Simulation with $a = 0.98$ and unit noise variances shows the filter track closely following the true signal, with the error variance quickly reaching steady state.

Expanded Treatment: Probability Theory

Measure Theory Foundations

The development of probability theory on a firm mathematical foundation requires understanding why the measure-theoretic approach is necessary. The naive approach of assigning probabilities to all subsets of a sample space fails for uncountable spaces: the Vitali theorem shows that no translation-invariant measure can be defined on all subsets of $[0,1]$ satisfying countable additivity. The Borel $\sigma$-algebra sidesteps this by restricting to the “measurable” subsets.

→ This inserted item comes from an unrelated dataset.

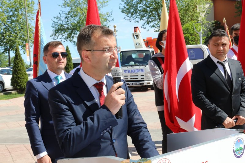 Milletimizin tüm onur ve asaleti ile büyük Önder Mustafa Kemal Atatürk’ün rehberliğinde tarih sahnesinde Bir defa daha şaha kalkışı nın başlangıcıdır 19 Mayıs. 19 Mayıs, sadece Türk Milli Kurtuluş hareketinin başlangıcı değil yeni Türk devletinin de çağdaş değerlerle Milletler ailesi içerisinde yerini almasının adıdır. 19 Mayıs, gençlik; gençlik gelecek demektir. Türk genci, Türk istiklali ve Türk Cumhuriyeti’nin yılmaz bekçisi bugün ve yarınların tek ve en büyük güvencesidir. “Sizler yeni Türkiye’nin genç evlatları; yorulsanız dahi beni takip edeceksiniz. Dinlenmemek üzere yürümeye karar verenler asla ve asla yorulmazlar.” diyor Atatürk. Sevgili gençler, Siz Atatürk’e İstiklal aşkını veren Kara Fatmaların, Nene Hatunların, Yalnız Efelerin; Siz Ya İstiklal ya ölüm diyen: Antepli Şahinlerin, Sütçü İmamların, Hasan Tahsinlerin, Seyit Onbaşıların; Siz tarihi tarih yapan Barbarosların, Ulubatlı Hasanların, Yavuzların Atatürklerin soyundansınız.” Binlerce şehit vererek sıkıntı ve yokluklar içinde, büyük özveriler ile kurulan Türkiye Cumhuriyeti sizlere emanettir. Bu değerli emaneti yaşatmak ve sonsuza kadar korumak gelecek kuşaklara en iyi şekilde aktarmak en başta gelen görev ve sorumluluğunu olmalıdır.” dedi. Tören Fatsa Gençlik Merkezi Üyesi Tunahan Cesur’un 19 Mayıs isimli şiirini okuması ile sona erdi.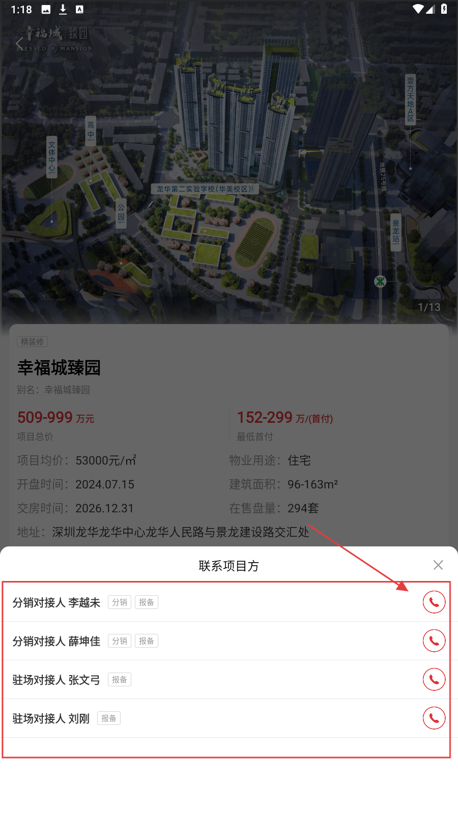 2、点进楼盘详情,查价格、户型等,点【报备】或【联系驻场】对接。

Generating a $\sigma$-algebra. Given a collection of sets $\mathcal{C}$, the $\sigma$-algebra generated by $\mathcal{C}$, written $\sigma(\mathcal{C})$, is the smallest $\sigma$-algebra containing $\mathcal{C}$. It exists because the intersection of any collection of $\sigma$-algebras is again a $\sigma$-algebra. The Borel $\sigma$-algebra on $\mathbb{R}$ is $\mathcal{B}(\mathbb{R}) = \sigma\{\text{open intervals}\}$.

It is an important fact that $\mathcal{B}(\mathbb{R})$ can also be generated by any of the following: all open sets; all closed sets; all intervals $(-\infty, x]$ for $x \in \mathbb{R}$; or all intervals $[a,b)$. This multiplicity of generators is important for characterizing random variables: the condition $\{X \le x\} \in \mathcal{F}$ for all $x$ is equivalent to $X$ being measurable.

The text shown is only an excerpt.